Para uma mudança acontecer tem de existir uma acção junto das crianças, dos agentes e da instituição em si. Nesta questão, da protecção das crianças, não há melhor resguardo do que a autoprotecção, e portanto era essencial trabalhar o tema com as crianças. Com este projecto são usados modelos pedagógicos para eles terem a percepção do que podem e devem fazer naquelas situações.

Controlo de procedimentos e de resultados

A organização e o seu funcionamento ficam assim em condições de ser avaliados. Foram criadas baterias de apreciação para que seja possível um controlo de procedimentos e resultados tanto ao nível da intervenção social, educativa e formativa, como na área da gestão. Pensamos que em finais de 2011-2012 será possível ter um processo de qualidade para toda a instituição. Estamos neste momento a trabalhar 33 processos de qualidade em toda a casa. Isto significa a garantia de controlo e de avaliação constante da instituição.

Alargamento da rede de pré-escolar

A maior parte dos nossos jovens, à volta de 3000, está na instituição desde o pré-escolar. Começamos o trabalho o mais cedo possível, porque desta forma é mais fácil trabalhar e envolver a família. Estamos a falar de públicos com problemas de ordem social e económica e, por isso, é importante começar mais cedo, aos dois/três anos.
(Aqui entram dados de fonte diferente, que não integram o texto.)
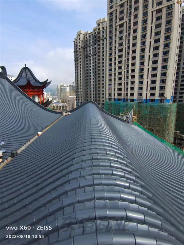 西寧楊家莊清真寺屋面仿古金屬瓦工程歷時完工,寺廟選用我公司鋁鎂錳合金材料瓦片,款式為2號分體瓦,厚度1.2mm;風格:新中式仿古瓦風。面積約2500平方,感謝西寧楊家莊清真大寺主任對我公司的信任和支持。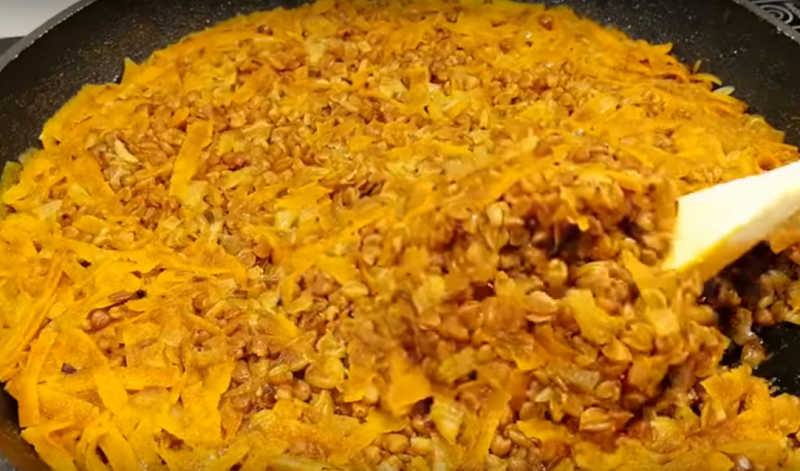 - Морковь очищаем и натираем на терке. Добавляем к обжаренному луку, перемешиваем и тушим 3-5 минут. Готовые овощи перекладываем на тарелку.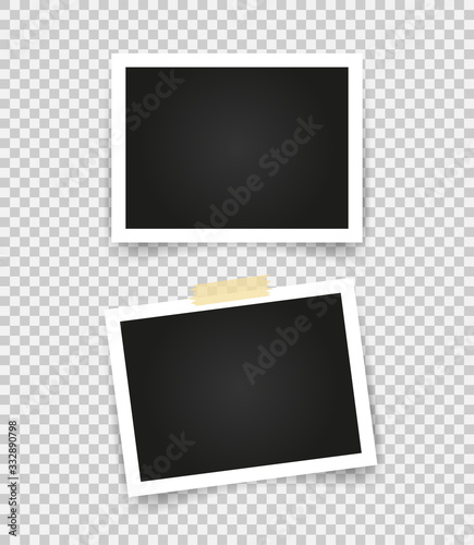 Collection of blank photo frames with adhesive tape, empty space for your photograph. Vector illustration.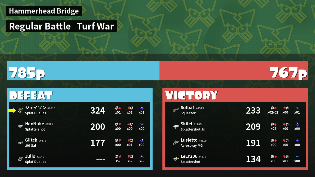 | Weapon | Splat Dualies ( Suction Bomb / Crab Tank) | ||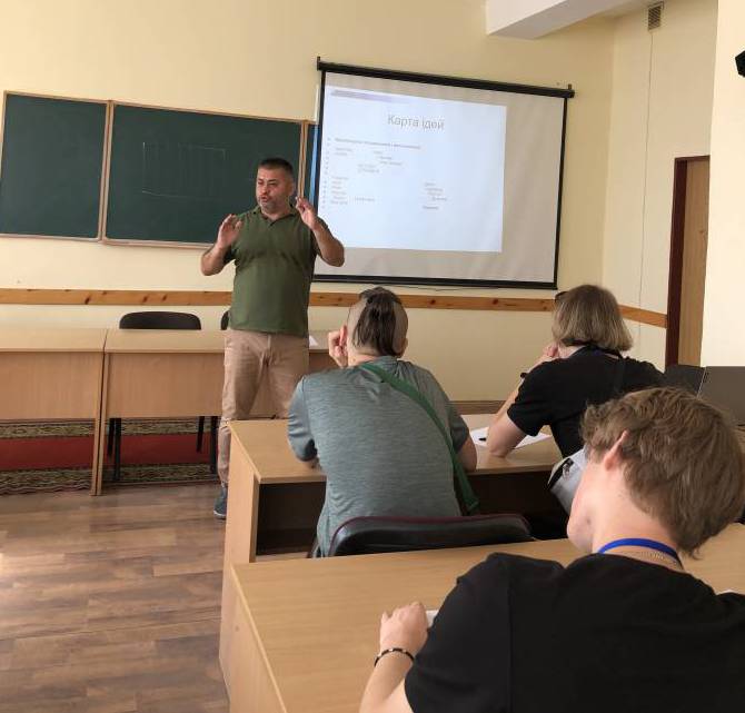 Про основи менеджменту, а також про те, як генерувати цікаві ідеї для власного бізнесу, з юнацтвом поспілкувався доцент кафедри економіки і підприємництва Роман Завадяк. На дітей очікували підготовлені ігри для брейнштормінгу та завдання для генерування нестандартних ідей. Учні дізналися про успіхи випускників економічного факультету, побачили живі приклади вдалого кар’єрного розвитку і навіть стали слухачами чудових віршів Романа Івановича.
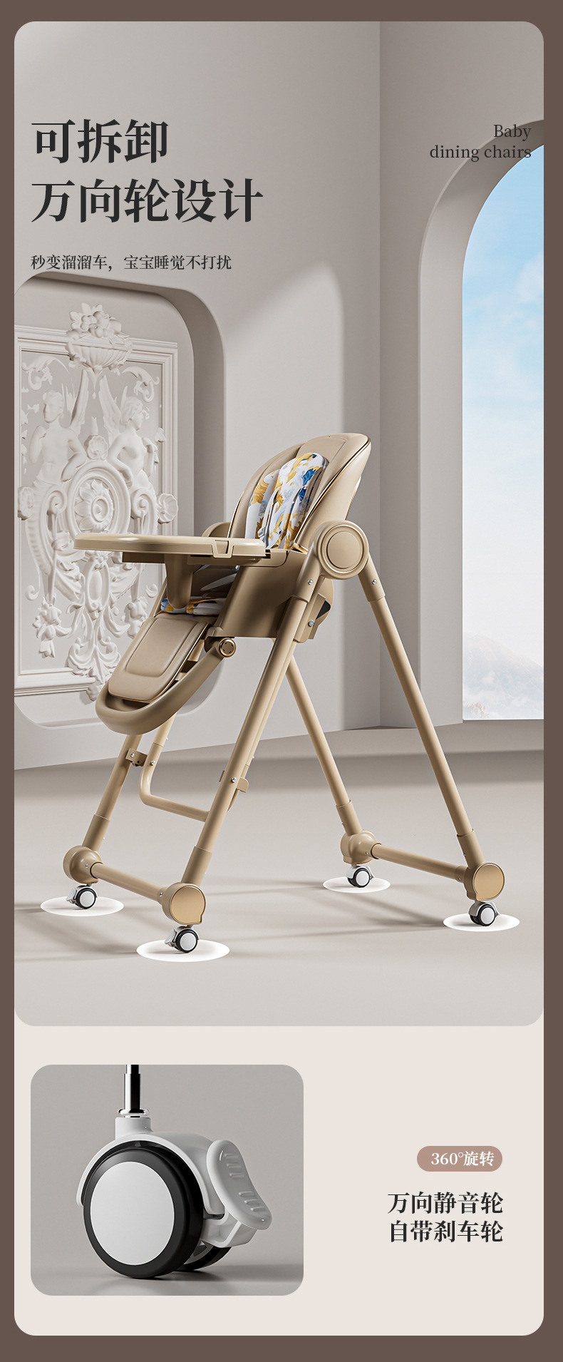 灰石白/云母灰/摩卡棕低配【pu垫+双餐盘】,灰石白/云母灰/摩卡棕高配免安装【pu垫+双餐盘+万向轮】

Para responder a esta necessidade alargámos a nossa rede de pré-escolar. Neste momento temos à volta de 350 crianças nos diversos estabelecimentos.

Novas formas de aprendizagem

Estamos à procura de novas formas de aprendizagem. Queremos chegar às crianças e esta é a melhor forma de o conseguir. Este ano criámos, por exemplo, oito turmas com um projecto inovador e integrado, que se denomina ensino cooperativo. É uma forma de as crianças se tornarem agentes activos do seu próprio ensino.
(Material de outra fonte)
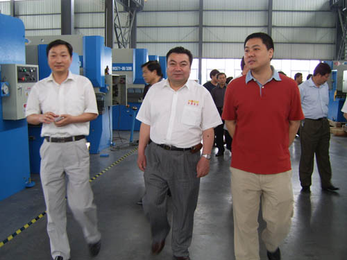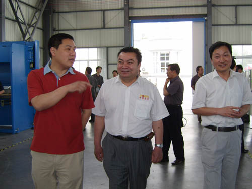 2006年5月26日下午,安徽省機床工具協會代表團在安徽機床工具協會理事長、合肥鍛壓機床有限公司董事長嚴建文帶領下,一行數十人來我公司參觀考察,當涂縣委常委、博望鎮黨委書記張清等領導陪同了代表團一行??疾熘写韴F成員對我公司近年來的快速發展、產品定位等給予了充分的肯定。

Joaquina Madeira: "Não pode voltar a acontecer algo de semelhante"

Sou capaz de assegurar que a Casa Pia é das instituições mais bem preparadas para lidar com este tipo de temas", diz Joaquina Madeira, antiga presidente da direcção da Casa Pia de Lisboa, garantindo que as medidas adoptadas nos últimos anos representam avanços e permitem uma capacidade superior de prevenção e resposta. "Depois daquela crise, que nos atingiu de uma forma tão traumática, tivemos de nos organizar. Não pode voltar a acontecer algo semelhante."

A redução do número de crianças jovens na instituição, actualmente cerca de 210 alunos internos (face aos 654 de 2002), a formação dos educadores e os novos projectos permitem um "maior acompanhamento aos estudantes".

"Quando me perguntam: então mas não há abusos na Casa Pia? O que eu digo é que trabalhei para não haver!", garante a antiga presidente da instituição, frisando o trabalho realizado nos últimos anos, assim como os resultados do mesmo. Neste momento existe uma "maior preparação para a prevenção, controlo e, se necessário, intervenção", sublinha.

A acção continuará a seguir o trilho traçado, uma vez que se trata de um projecto continuado. "Foi definido um novo modelo, estão-se a organizar e realizar processos de qualidade e será preciso mais um ou dois anos para se consolidar", presume.